## TASK BRIEF
Give the listing again in full and exactly, apart from its pictures.

## SUPPLIED DATA
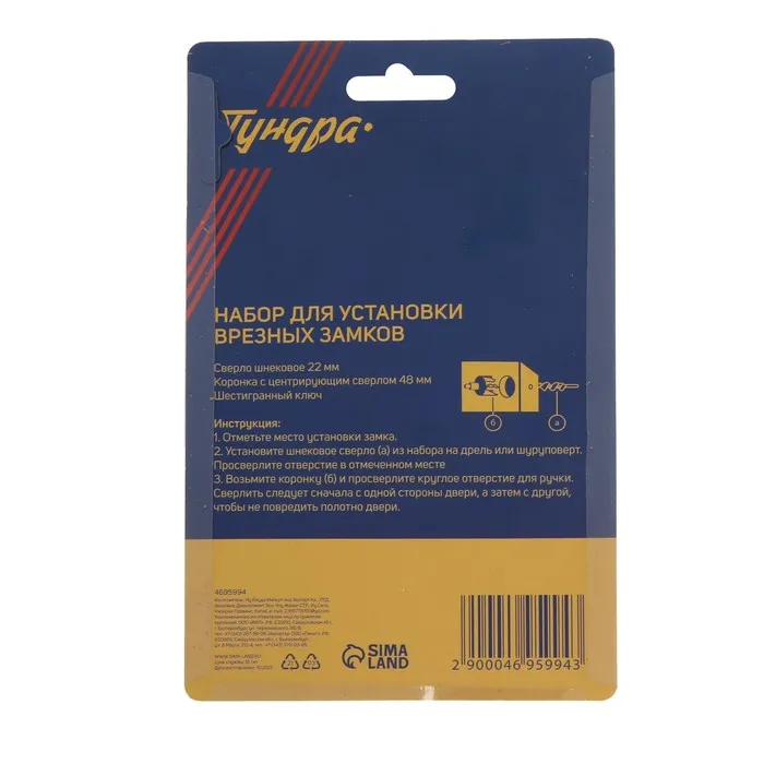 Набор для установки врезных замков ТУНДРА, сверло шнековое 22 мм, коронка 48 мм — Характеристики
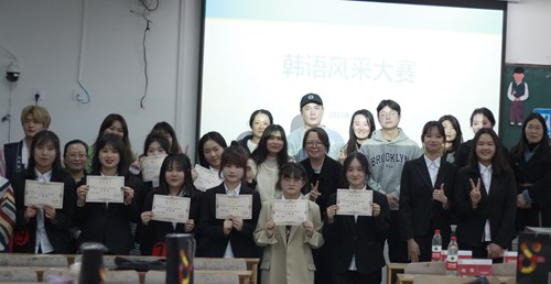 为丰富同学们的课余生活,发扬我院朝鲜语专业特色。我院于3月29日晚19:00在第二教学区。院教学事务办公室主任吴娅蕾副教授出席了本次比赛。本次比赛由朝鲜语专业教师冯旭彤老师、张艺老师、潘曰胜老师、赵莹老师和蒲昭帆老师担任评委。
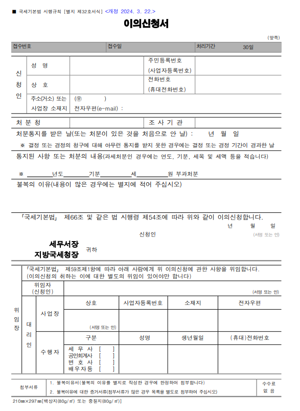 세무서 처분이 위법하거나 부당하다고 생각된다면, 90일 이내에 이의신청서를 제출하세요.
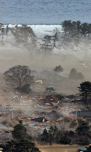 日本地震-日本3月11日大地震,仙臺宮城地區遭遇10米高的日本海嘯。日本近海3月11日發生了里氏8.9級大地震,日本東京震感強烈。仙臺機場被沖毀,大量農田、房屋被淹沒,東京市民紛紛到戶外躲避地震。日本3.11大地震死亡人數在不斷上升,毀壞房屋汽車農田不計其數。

## RESPONSE
 Набор для установки врезных замков ТУНДРА, сверло шнековое 22 мм, коронка 48 мм — Характеристики
 为丰富同学们的课余生活,发扬我院朝鲜语专业特色。我院于3月29日晚19:00在第二教学区。院教学事务办公室主任吴娅蕾副教授出席了本次比赛。本次比赛由朝鲜语专业教师冯旭彤老师、张艺老师、潘曰胜老师、赵莹老师和蒲昭帆老师担任评委。
 세무서 처분이 위법하거나 부당하다고 생각된다면, 90일 이내에 이의신청서를 제출하세요.
 日本地震-日本3月11日大地震,仙臺宮城地區遭遇10米高的日本海嘯。日本近海3月11日發生了里氏8.9級大地震,日本東京震感強烈。仙臺機場被沖毀,大量農田、房屋被淹沒,東京市民紛紛到戶外躲避地震。日本3.11大地震死亡人數在不斷上升,毀壞房屋汽車農田不計其數。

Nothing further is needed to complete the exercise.